Pensions will rise more in the summer than they have in years. The Federal Minister of Labor has put the brakes on – otherwise the plus would be even higher.
A positive decision for millions of pensioners: in the Bundestag on Friday, the coalition launched a record-breaking pension increase on July 1st and improvements in the disability pension – the most important questions and answers.
A draft law was passed by Minister of Labor Hubertus Heil (SPD) to adjust pensions in 2022 and to improve benefits for the disability pension. With this law, the government reintroduced the catch-up factor in pension insurance and paved the way for the annual increase in payments. Pensions will rise by 5.35 percent on July 1 in the West and by 6.12 percent in the East. Improvements have also been decided for people who have been drawing a disability pension for some time.

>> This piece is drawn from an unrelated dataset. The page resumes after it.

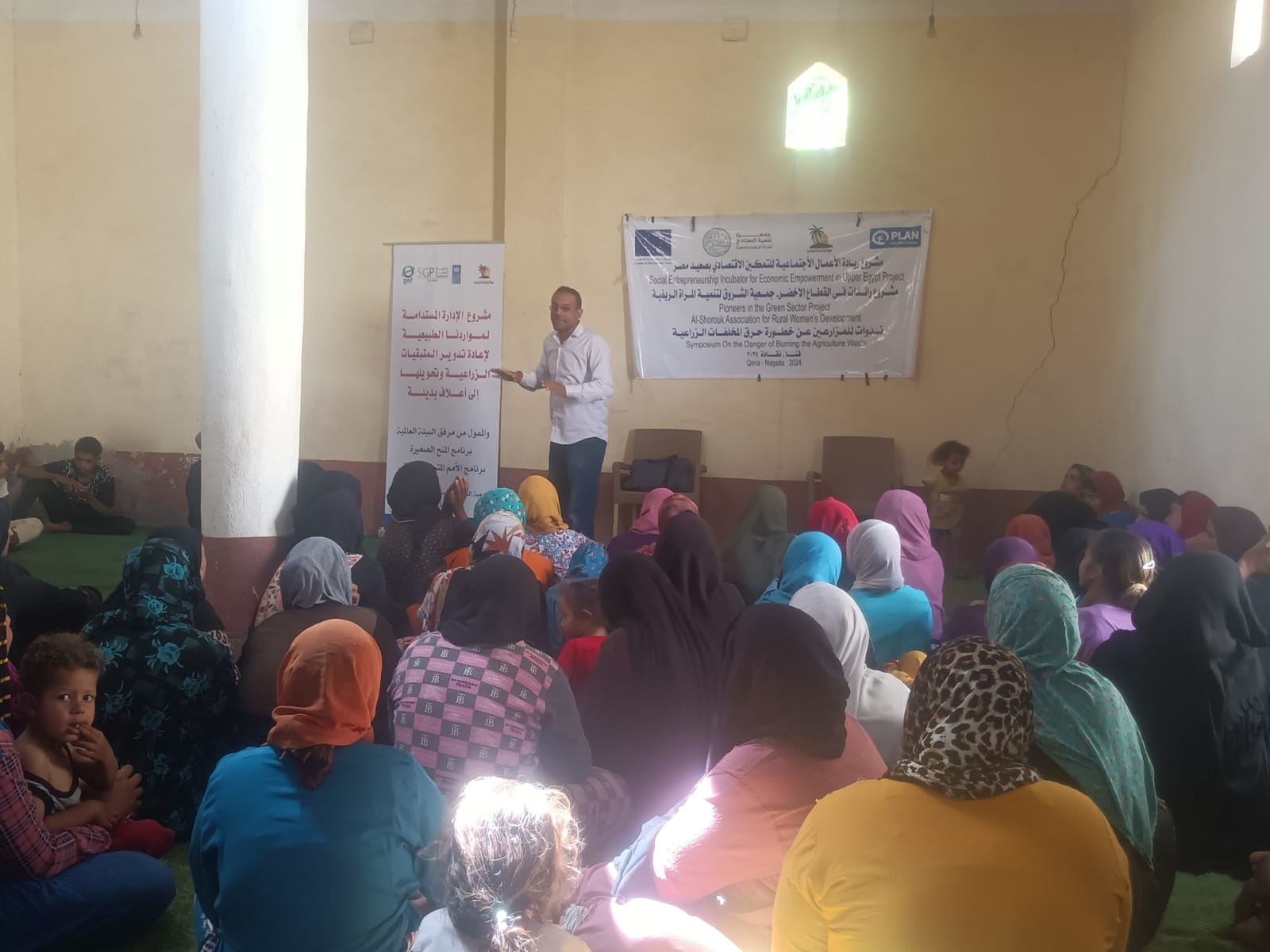 حاضر بالندوات المهندس أسعد محمد رئيس قسم التوعية البيئة جهاز شئون البيئة و المهندس عمر رياض منسق اول مشروع النمو الاخضر الشامل - اليونيدو ، تناولا إضرار حرق المخلفات الزراعية منها سفير قصب السكر و الموز و الذرة و الشمار و تم توضيح الفوائد الغذائية و الاقتصادية من إعادة تدوير المتبقيات الزراعية فى صناعة الأعلاف و السماد البلدى، وانتاج بعض المنتجات الاخرى من إعادة التدوير، وذلك مما يؤدى إلى تحقيق التنمية المستدامة.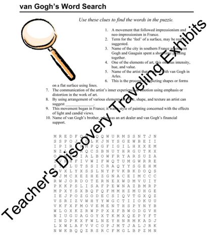 Make the most of your Vincent Van Gogh exhibit with these ready to use cross-curricular activities. This activity pack features an assortment of reproducible activities from critical thinking exercises to puzzles. Inspired by great artists, created by teachers and ready for your classroom. Copyright 2008. English. Middle School and High School levels. Reproducible. 8 x 11 inches. 20 pages.

As a result of the increase, a monthly pension of 1000 euros, which is only based on western contributions, increases by a good 53 euros on July 1st, for example, and an equally high pension with eastern contributions increases by 61 euros. It is the strongest increase in decades.
The increase in pensions is due to the good wage development in Germany. This is why premium income increased significantly again last year after the corona-related slump in 2020. Without the reintroduction of the catch-up factor, the increase in pensions would have been even greater. Out of consideration for the pension fund, this factor dampens the increase. This compensates for the fact that pensioners did not previously have to accept any cuts despite the general corona dip. A pension guarantee had caused a zero round in 2021.
Anyone who has been drawing a disability pension for a long time and has not been able to benefit from various improvements since 2014 will experience improvements. In the future, those pensioners who received a disability pension from 2001 to 2018 will receive a supplement of 4.5 or 7.5 percent – and thus a higher monthly pension. In total, around three million pensioners are to benefit from these surcharges.
“It is important to me that pensioners are not decoupled from general wage and salary developments in the future either,” says Heil. And with regard to the improved disability pension, he emphasized: “This is about around 3 million people who will benefit from supplements.” Annually, 2.6 billion euros would be spent on this.
The employers’ association BDA had warned of ever-increasing costs of pension insurance due to the government’s lack of will to reform. “Pensions, which, like this year, are rising much faster than wages, are not affordable in the long run,” said the association. The unions also criticized the new law because of the dampening factor. “Applying the catch-up factor remains a serious technical error on the part of the federal government: in doing so, it is permanently decoupling pensions from wage developments,” said Anja Piel, board member of the German Trade Union Confederation (DGB).